*** Opening of Data for review ***

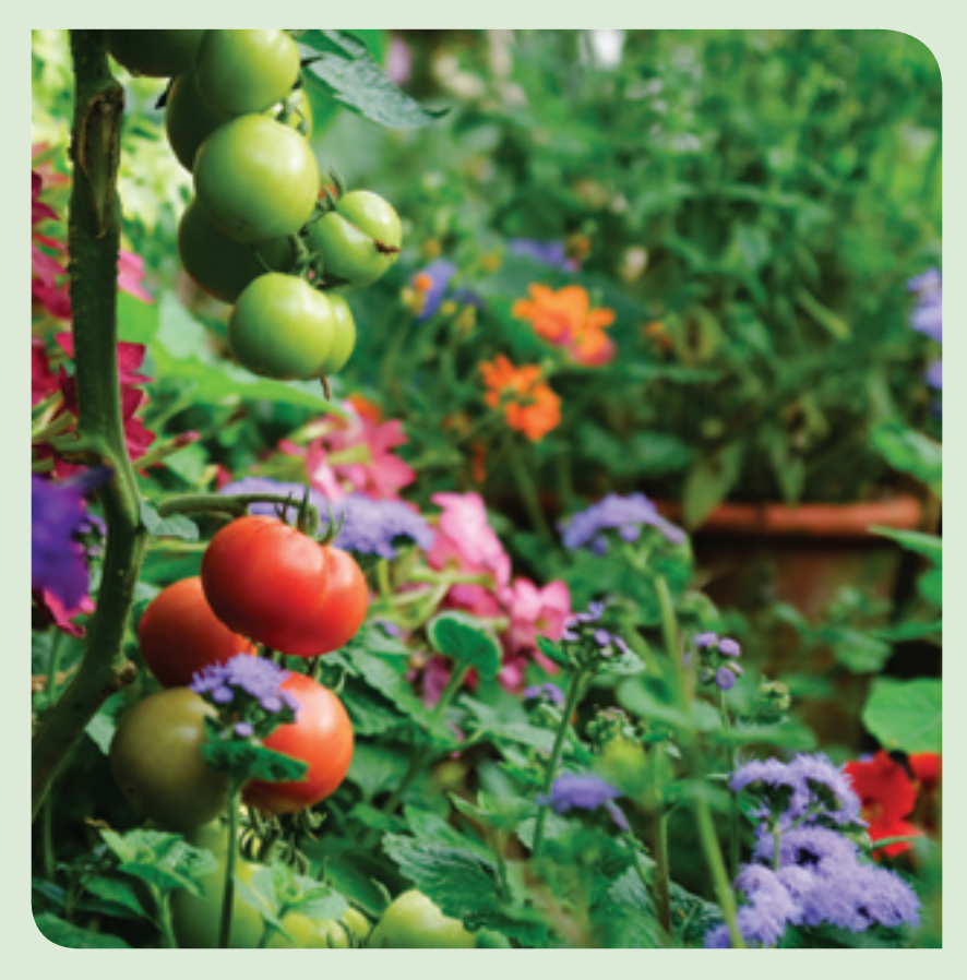
Most supermarket produce travels more than 1,500 miles to get to your dinner plate. Growing food in your garden eliminates some of that transportation and its heattrapping emissions.

Incorporating fruit trees and berry bushes into your yard instead of purely ornamental plants increases the amount of food you can grow. And homegrown produce is fresher and better-tasting because it's picked ripe and usually eaten within hours of harvest.
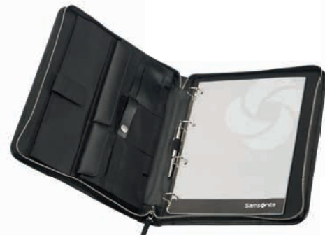
111008 (CL4*002): ZIP FOLDER A4 + DET B: 27 X 34,5 X 5 - 4.7 L - 1.3 KG *** 26,6 x 18,3 x 1,5 📁 📅 🖋️ 📏 26,7 cm/10.5"
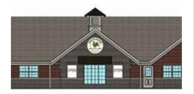
PRIMROSE DAYCARE CANDELAS Location: Arvada Started: Oct 2019 Architect: Galloway & Company
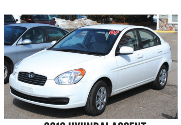
2010 HYUNDAI ACCENT Auto, air, 34 MPG, 102 K. AS LOW AS $179 A MONTH

*** Close of Data for review ***

## Exercise instructions
When a line in the material includes the word "your", copy it out.

## Worked solution
Most supermarket produce travels more than 1,500 miles to get to your dinner plate. Growing food in your garden eliminates some of that transportation and its heattrapping emissions.
Incorporating fruit trees and berry bushes into your yard instead of purely ornamental plants increases the amount of food you can grow. And homegrown produce is fresher and better-tasting because it's picked ripe and usually eaten within hours of harvest.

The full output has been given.